Balaji hit all the key points, but I also wonder how much you could extrapolate from Santa Clara County in general. The obesity rate in the county is 21% - half that of the US average. Given that obesity seems to be a risk factor of higher rates of hospitalization and death with people under 60, the overall US death rate could be higher.

Exactly, this kind of problem runs right through all of these types of test so far. We need a larger, randomer, sero test. The criticisms in this post are fair, and I acknowledge that I am mood-affiliated with the conclusion of the study... but I'm beginning to think Tyler is mood-affiliated the other way. The stats are not convincing, but they are still consistent with their conclusion. One thing everyone is beginning to learn through this is not to reject all hypotheses until a perfect RCT shows the right p-value.

Thanks Tyler.

Would add to Balaji's very strong critique two quick questions:

1. The covariates seem strikingly imbalanced in Table 1, as you'd expect from a convenience sample.

They "adjust" for the population via reweighting, but that seems ... fraught. Would love someone who is more qualified to weigh in on that.

2. I noted these covariates -

"The survey asked for six data elements: zip code of residence, age, sex, race/ethnicity, underlying comorbidities, and prior clinical symptoms."

- are not comprehensively captured in Table 1. Namely, underlying comorbidities and prior clinical symptoms don't have a population-based comparison.

Comorbidities, in particular, don't strike me as difficult to track down? Would be good to have that comparison point.

The Stanford study's sample of 3,330 somewhat self-selected Silicon Valley residents found an infection rate somewhere between 1% and 6% as of April 3-4, which implies Herd Immunity is still a long way off.

Official case counts in Santa Clara County are now doubling every 21 days, so it's not likely there has been multiple times growth over the last two weeks.

So, this study isn't good news for Herd Immunity optimists.

At what level of mortality rate do you think just letting the population build herd immunity would be the correct strategy- ala Sweden?

Santa Clara County went into a lockdown very early in the US, so it wouldn't be surprising to find that only 20-50K had been infected out of 1.8 million, even if we accepted the result at face value. Was it a mistake to lock down for a month? At what point could we judge it a mistake or not?

My opinion is the big, unexpected development was that hospital capacity has proven more elastic than was assumed.

Strikingly, this didn’t happen so much by expanding medical care supply as by depressing medical care demand. Non-COVID trips to the emergency room went way down, and NYC doctors innovated a new protocol for treating COVID patients with breathing problems (put them on their stomachs and treat with oxygen masks) that cut ventilator demand substantially. Because caring for patients on ventilators is hugely labor-intensive, that in turn cut demand for doctors and nurses to far below earlier estimates.

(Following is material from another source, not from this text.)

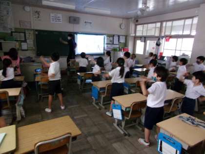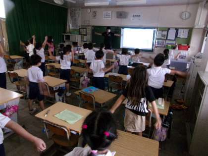 スポーツフェスティバルのダンスの練習です。画面を見ながら、振り付けを覚えています。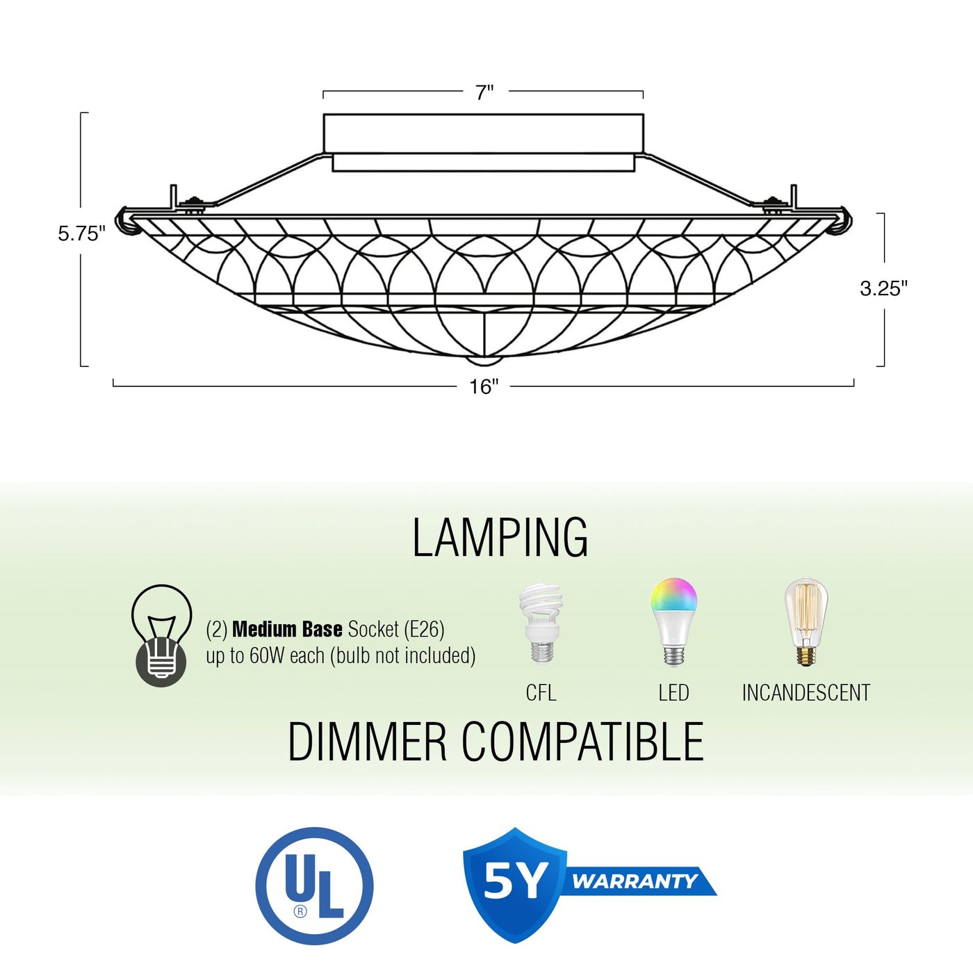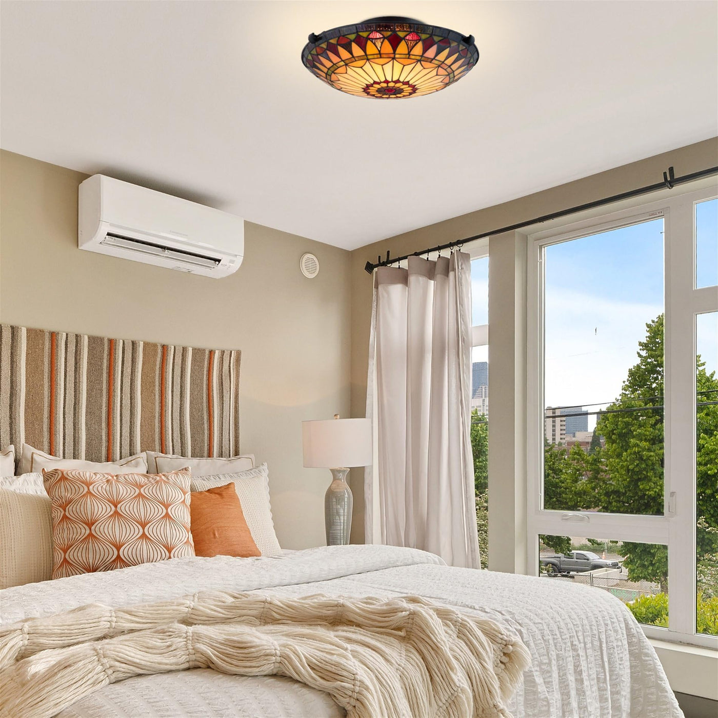 The Mateo 2-Light Round Flush Mount Ceiling Light Features A Uniquely Styled 16 Tiffany Glass Shade. The Tiffany Glass? Beautiful Array Of Colors Is Enhanced By The Light Gleaming Through. When Paired With Its Sleek Black Body Finish The Mateo Is Sure To Shine Above The Rest.Includes: Mounting Hardwarelighting Direction: Downlightlighting Source Type: Incandescent Led Cflmounting Style: Ceilingindoor/Outdoor Usage: Indoorbase Type: E26Shade Shape: Bowlshade Material: Glassprop 65 Warning: Yesprop 65 Harm: Cancer Birth Defects And/Or Other Reproductive Harmsprop 65 Chemicals: Leadsafety Rating: Ul Listedlocation Rating: Dry

So, we appear to have Flattened the Curve.

Now what?

Yes because when you overestimate the number of beds needed by tens of thousands in one city, it has to be because you underestimated the awesome efficacy of the prone position.

It absolutely can’t be because of the fact that the dynamics of a novel virus that no one understands very well and that put out incredibly inconsistent and noisy data were somehow misunderstood.

There has been a disturbing amount of Public Intellectual flitting-about on this web-site recently. When I first looked at the site, it seemed that the boss had a lot of cachet, he could stand in the company of, say, pod-casting Ezra Klein, and speak charmingly on many topics that he had read into and had thought about.

Nowadays the faithful reader is getting mostly grumbling about various models, as if they claimed to be anything more than controlled fantasies. That stuff is taken up in the commentariat, by knowers of the latest data from Italy or Sweden, or by disappointed
"front-line" body mechanics who can't get over the idea that China fed them some bad data to the WHO once upon a time. And then of course the TDS-callers who still profess fealty to the poor red-nosed clown-in-chief, that 1980's disco playboy with the improbable haircut, that guy on the podium wearing the fourteen-inch shoes. The guy who heard that you wear gloves to the debutante ball, so he showed up wearing a pair of gold-encrusted first-baseman's mitts.

I'm afraid that the New Normal is going to come up with professor TC fourteen or twenty points down. In the wayback machine this site for all its past glory might come to be the pages where you could learn that LA strip-malls were the best place to find good noodles, if you wanted to eat noodles, but then panic set in and it became not much more than reading the tea leaves from Sweden and Taiwan.

It's all a tragedy, because we need the guys who scored good on the GRE and who carefully built a following to keep it together. When the high-scoring GRE guys go pear-wise, there's no predicting how things will work out for the rest of us.

Are you suggesting that it is better when public intellectuals "stay in their lane" and comment on the quality of strip mall noodles?

That's called comparative advantage.

in the context of the current viral pandemic
here is where you are intellectually dishonest&lazy
"body mechanics who can't get over the idea that China fed them some bad data to the WHO once upon a time."
-this is not even a remotely a honest description of what china did at the beginning of this mess

So I am not surprised. Those people throw firecrackers at dancing paper dragons to solve their problems. What else can a first-line responder be but putty in their hands?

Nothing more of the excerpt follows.